AN244 Half Unit
Anthropology and Media
This information is for the 2015/16 session.
Teacher responsible
Prof Matthew Engelke 6.12
Availability
This course is available on the BA in Anthropology and Law, BA in Social Anthropology and BSc in Social Anthropology. This course is available with permission as an outside option to students on other programmes where regulations permit and to General Course students.
Course content
This course introduces students to anthropological analyses of media, including books and other printed texts, photography, radio, television, film, and the internet. Although 'the anthropology of media' is often understood to be a relatively new subfield, there has been a long-standing interest in media technologies within the discipline. There is also an important manner, from an anthropological point of view, in which 'media technologies' have to be understood not only as these cultural artefacts (radio, film) but also the more elementary senses they express (hearing, sight, etc). We therefore investigate media both as a broad conceptual category and as specific technologies of communication. The course begins with a historical overview of anthropologists' investigations of media technologies, broadly construed. We then move on to consider ethnographic case studies of media in context. Examples may include: photography in India, radio in Zambia, television and cassette circulation in Egypt, mobile phones in Jamaica, book groups in England, and 'indigenous video' in Brazil and Australia. Throughout the course, these case studies are framed in relation to some of the key theoretical debates that have shaped media studies in anthropology and related disciplines since the 1930s. Some attention is also given to the methodological problems involved in studying media, especially the extent to which it challenges the possibility of conducting fieldwork by participant observation.
Teaching
10 hours of lectures and 10 hours of classes in the LT. 1 hour of lectures and 1 hour of classes in the ST.
Formative coursework
Anthropology students taking this course will have an opportunity to submit a tutorial essay for this course to their personal tutors.

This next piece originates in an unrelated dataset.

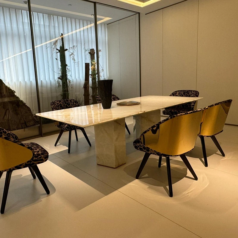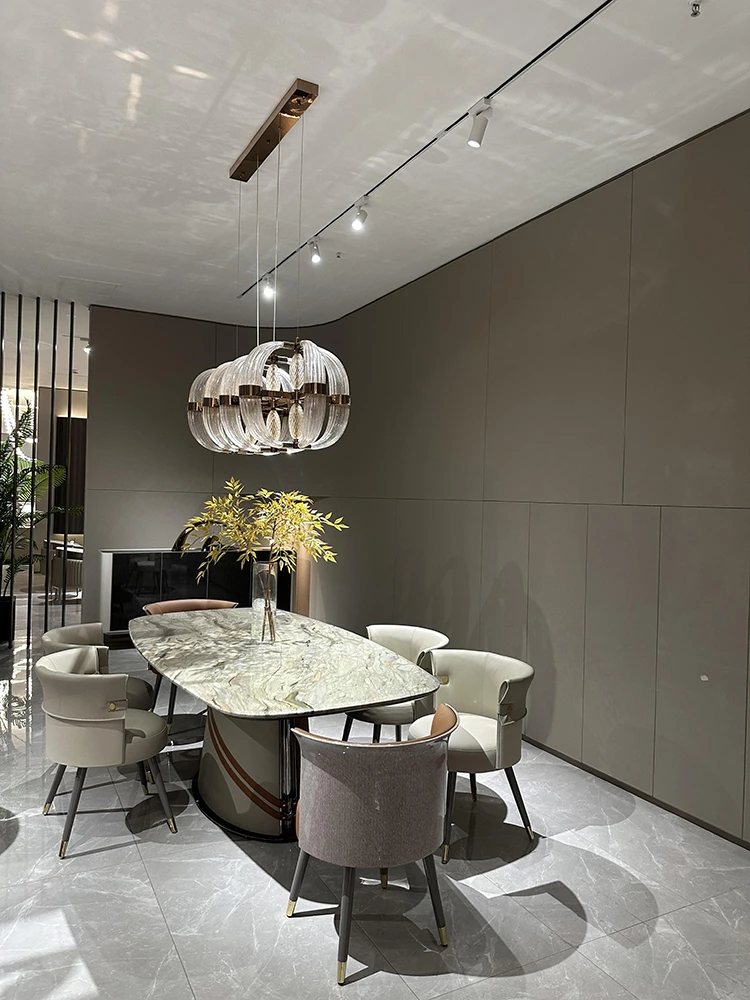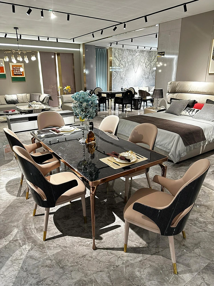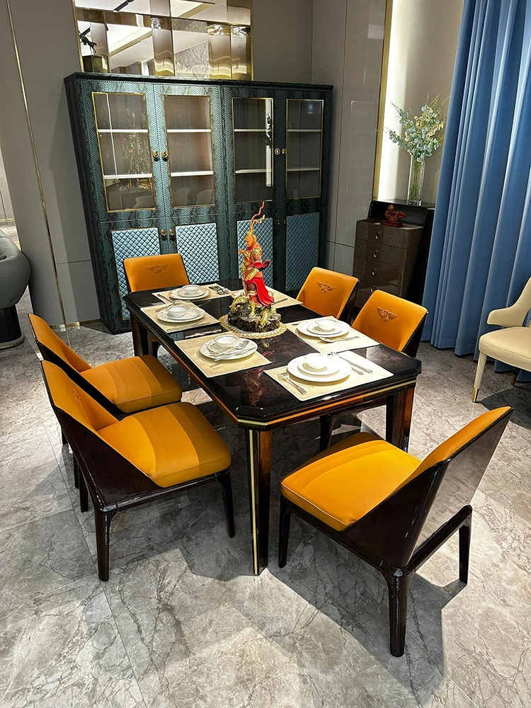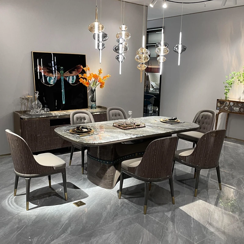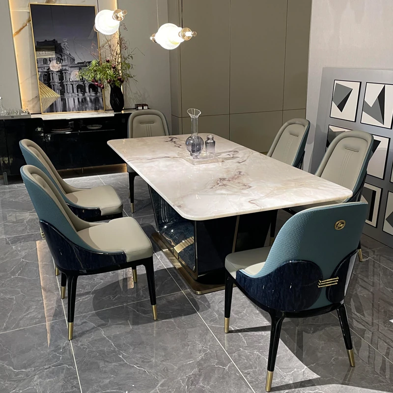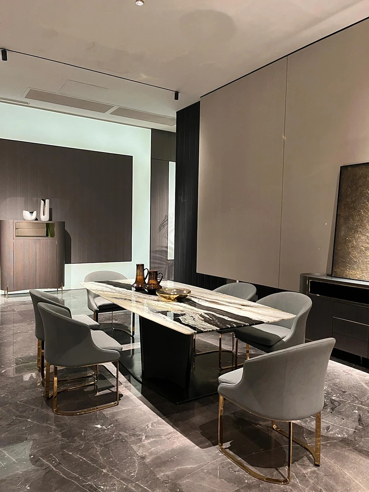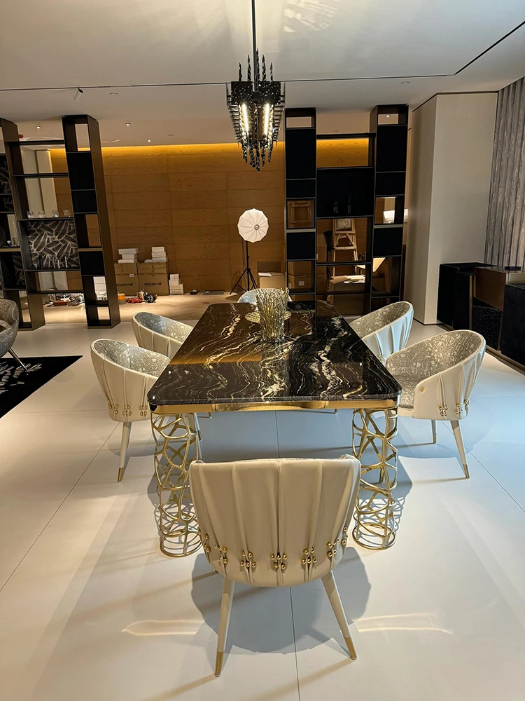 Italian Luxury Marble Dining Table - Designer Rectangular Table with 6 Chairs for Villas and High-End Homes, Perfect for Chic Dining Experiences.

For non-Anthropology students taking the course, a formative essay may be submitted to the course teacher.
Indicative reading
Domestication of the Savage Mind (J Goody); Imagined Communities (B Anderson); 'The Work of Art in the Age of Mechanical Reproduction' (W Benjamin); Media Worlds (F Ginsburg, L Abu-Lughod, and B Larkin, eds); Understanding Media (M McLuhan); Understanding Media (D Boyer); 'Anthropology and the Mass Media' (D Spitulnik); 'Anthropology and its contributions to studies of Mass Media' (S Dickey); Media Rituals (N Couldry); A Voice: And Nothing More (M Dolar); The Presence of the Word (W Ong).
Assessment
Exam (70%, duration: 2 hours) in the main exam period.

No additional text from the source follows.